However, Martin, I can promise you that I will _never_ ask for any 
convenience functions related to bytes as a result of this decision.  I 
want bytes to come back from filesystem APIs because I intend to have a 
wrapper layer which knows two things about the file: the bytes (which 
are needed to talk to POSIX filesystem APIs) and the characters (which 
are computed from those bytes, can be safely renormalized, displayed to 
users, etc).  On Windows this filesystem wrapper will necessarily behave 
differently, and will not use bytes for anything.  Any formatting beyond 
joining path segments together and possibly splitting extensions off 
will be done on character strings, not byte strings.

The proposal of using U+0000 seems like it would have been almost the 
same from such a wrapper's perspective, except (A) people using the 
filesystem APIs without the benefit of such a wrapper would have been 
even more screwed, and (B) there are a few nasty corner-cases when 
dealing with surrogate (i.e. invalid, in UTF-8) code points which I'm 
not quite sure what it would have done with.
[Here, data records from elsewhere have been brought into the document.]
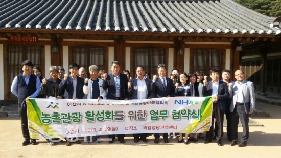 아산시(시장 복기왕)가 지난 29일 외암강당권역센터에서 농촌체험관광 활성화를 위하여 NH개발과 업무 협약을 체결했다.
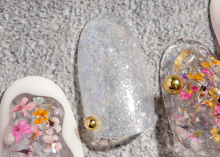 ランダムに見えるひなあられ風ネイルも、デザインをリンクさせれば統一感が生まれます。ドライフラワーの種類など、パーツを揃えるのがポイントです。
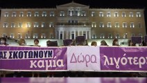 La marea de la huelga general del martes ha continuado por la noche frente al Parlamento griego. Ha sido el cuarto paro total del año en contra de unas nuevas medidas con las que el Gobierno Samarás busca satisfacer las exigencias de la troika en cuanto al despido de funcionarios.<br /><br />...<br />http://es.euronews.net/
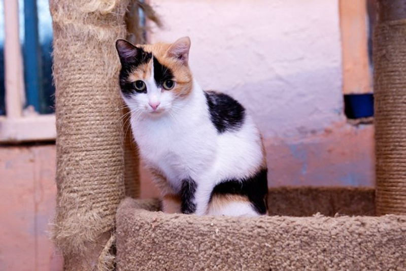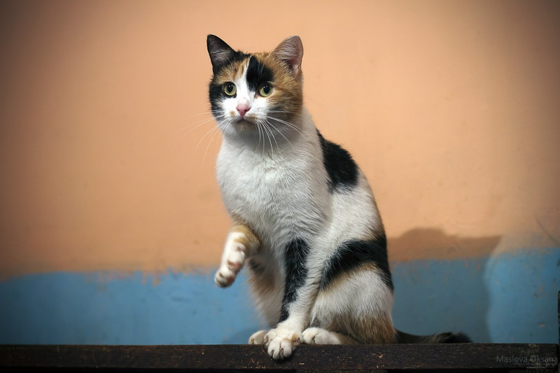 Маленькая, стройная котодевочка Анка в шубке яркой расцветки.
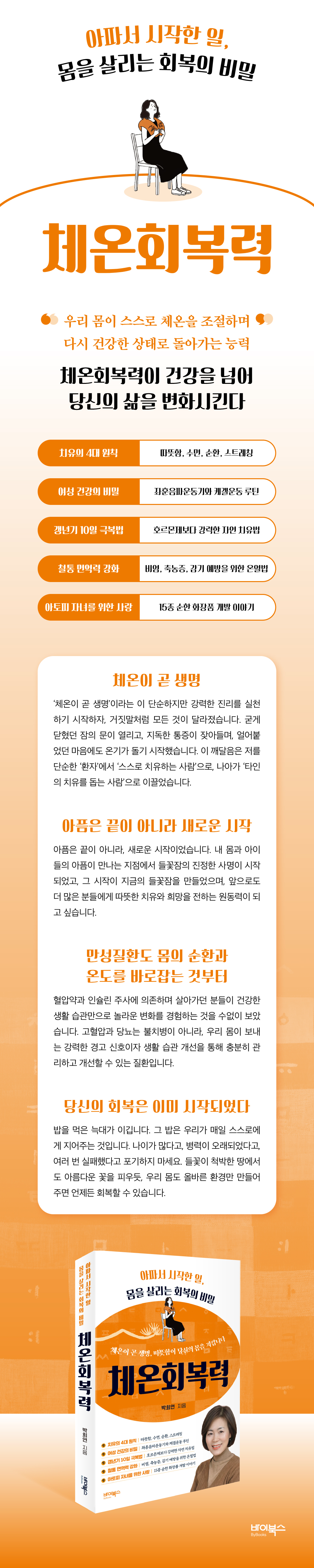 ÀÌ Ã¥Àº 1ºÎ¿¡¼ ¾ÆÇÄ¿¡¼ ½ÃÀÛµÈ ÀúÀÚÀÇ ¿©Á¤À» ÅëÇØ µé²ÉÀáÀÇ ±â¿øÀ» µé·ÁÁØ´Ù. ´Ü¼øÇÑ Ã¢¾÷ ½ºÅ丮°¡ ¾Æ´Ï¶ó ¿ì¸® ¸öÀÌ ½º½º·Î ü¿ÂÀ» Á¶ÀýÇÏ¸ç ´Ù½Ã °Ç°ÇÑ »óÅ·Πµ¹¾Æ°¡´Â ´É·ÂÀΠü¿Âȸº¹·Â¿¡ ¾î¶»°Ô °ü½ÉÀ» °¡Áö°Ô µÇ¾úÀ¸¸ç ±×°ÍÀ» »ç¾÷ÀÇ ¼º°ú¸¦ ÀÌ·ç¾î³Â´ÂÁö º¸¿©ÁØ´Ù. 2ºÎ¿¡¼´Â ´ç½ÅÀÇ »îÀ» ȸº¹½ÃÄÑÁÙ µé²ÉÀáÀÇ ¸ðµç °ÍÀ» ´Ù·ç°í Àִµ¥, µé²ÉÀáÀÇ µû¶æÇÑ Ã¶Çаú, ¸ÅÀÏ ½ÇõÇÏ´Â Ä¡À¯ ·çƾ, µé²ÉÀá Á¦Ç° À̾߱â, ±×¸®°í ±âÀû°ú °°Àº °í°´µéÀÇ °¨µ¿ ½ºÅ丮¸¦ ÅëÇØ °Ç°À» ³Ñ¾î ´ç½ÅÀÇ »îÀ» º¯È½ÃŰ´Â ü¿Âȸº¹·ÂÀÇ ºñ¹ÐÀ» ³ª´©°íÀÚ ÇÑ´Ù.
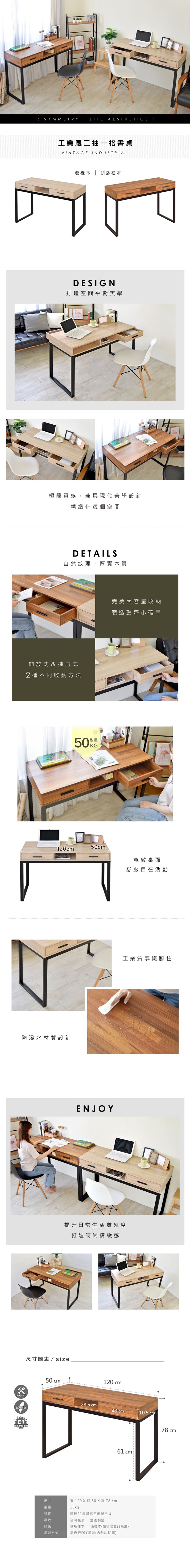 【Homelike】喜家居雪杉色2.7尺二抽書桌(2504)
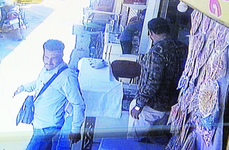 दोनों करीब ३२ से ३५ साल के थे। वह लगभग १० मिनट दुकान में रहे। एक ने काली टोपी लगा रखी थी, उसने ही जेवर चुराए। दूसरा बेंच पर बैठकर नजर रखे था। चोरों ने कहा कि सोने का पेंडल खरीदना है। कुछ जेवर देखने के बाद करीब ४ रत्ती का १२०० रुपए कीमत का पेंडल पसंद किया। उसका भुगतान कर चोरों ने झुमकियां दिखाने के लिए कहा, तो झुमकियों का डिब्बा उठाकर उनके सामने रख दिया।
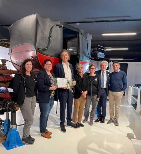 Il Presidente del Museo Nazionale dell’Automobile Benedetto Camerana, il Direttore Lorenza Bravetta e il Responsabile del Centro di Conservazione e Restauro Davide Lorenzone ricevono – a nome dell’intero staff museale – lo speciale riconoscimento della Commissione Cultura di FIVA – Fédération Internationale des Véhicules Anciens “per l’eccezionale e rigoroso lavoro di ricerca e restauro svolti sul progetto della Carrozza a Vapore Virginio Bordino“.
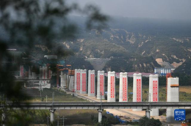 这是9月28日拍摄的位于陕西省延安市洛川县的西延高铁北洛河特大桥施工现场。 新华社记者张博文摄

Guido already mentioned "libraries" as a hypothetical issue, but here's 
a real-world problem that results from putting NULLs into filenames. 
Consider this program:

    import gtk
    w = gtk.Window()
    b = gtk.Button(u"\u0000/hello/world")
    w.add(b)
    w.show_all()
    gtk.main()

which emits this message:
    TypeError: OGtkButton.__init__() argument 1 must be string without 
null bytes or None, not unicode

SQLite has a similar problem with NULLs, and I'm definitely sticking 
paths in there, too.

Eventually I'd like to propose such a path type for inclusion in the 
stdlib, but that will have to wait for issues like 
<http://twistedmatrix.com/trac/ticket/2366> to be resolved.